His great-grandfather, great-grandmother, both grandfathers and father worked the lines of Detroit area auto plants.

Don't tell his family about the virtues of a foreign car; they don't care for Toyotas or Nissans. Don't dare park one in their driveway; they'll ask you to move it.

Daleo, a Canton resident who grew up in Inkster and Garden City, said he was meant to work on cars and trucks. Five years ago, he started with Ford, where his great-grandfather first worked in the 1940s.

"I'm a gearhead," said Daleo, wearing blue jeans and a black hooded sweatshirt. "I'll tell you right now I'm not book smart. But if you give me something, I'll fix it and make it work."

People like Daleo, though, are fading fast in Michigan.

He said he's already thinking about the future for his daughters, ages 3 and 6. He wants them to go to college, something he did not do, so they can get better jobs and have more options.
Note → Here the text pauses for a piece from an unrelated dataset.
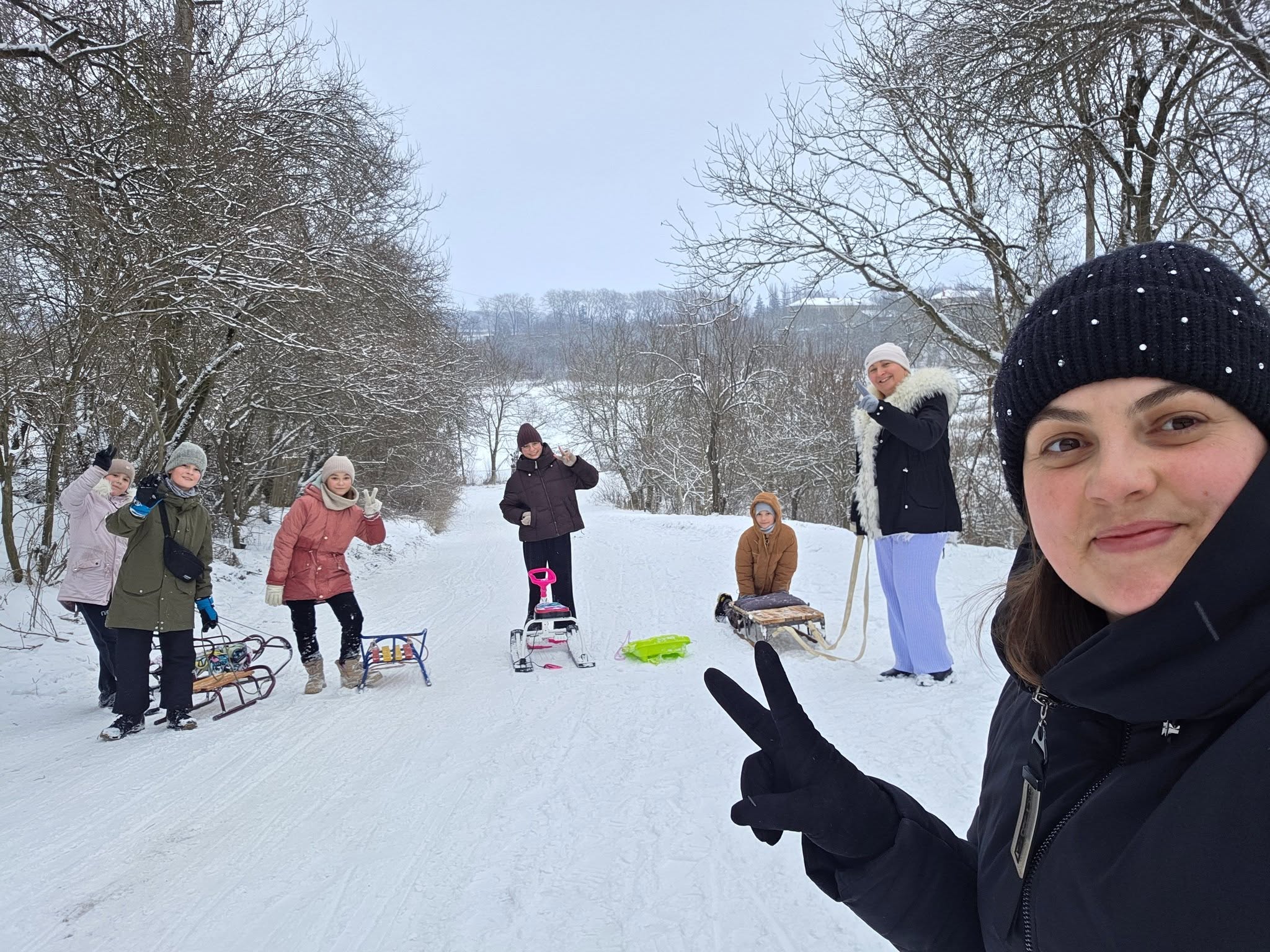 Санчата об’єднали всіх: каталися бібліотекарі, вчителі, наші користувачі та просто місцеві дітлахи. Нас було небагато, зате сміху й радості — на всіх вистачило 😊

"I don't want my kids working there," Daleo said. "I want them to ... do something different. I don't want them working there and going through what I'm going through."

Factory jobs getting cut

More than any other line of work in the auto industry, the landscape and job prospects have changed for blue-collar workers -- the people on the floor physically making the parts and piecing together the vehicles that consumers buy.

Their jobs are moving south or overseas. Their wages and benefits likely will take hits as companies cut costs.

For earlier generations, Detroit's auto industry helped to build a solid middle class based on these blue-collar jobs. Henry Ford set the tone in 1914 when he doubled the pay for workers at his Highland Park plant to $5 a day, convincing workers to take grueling, but high-paying, jobs in his factories.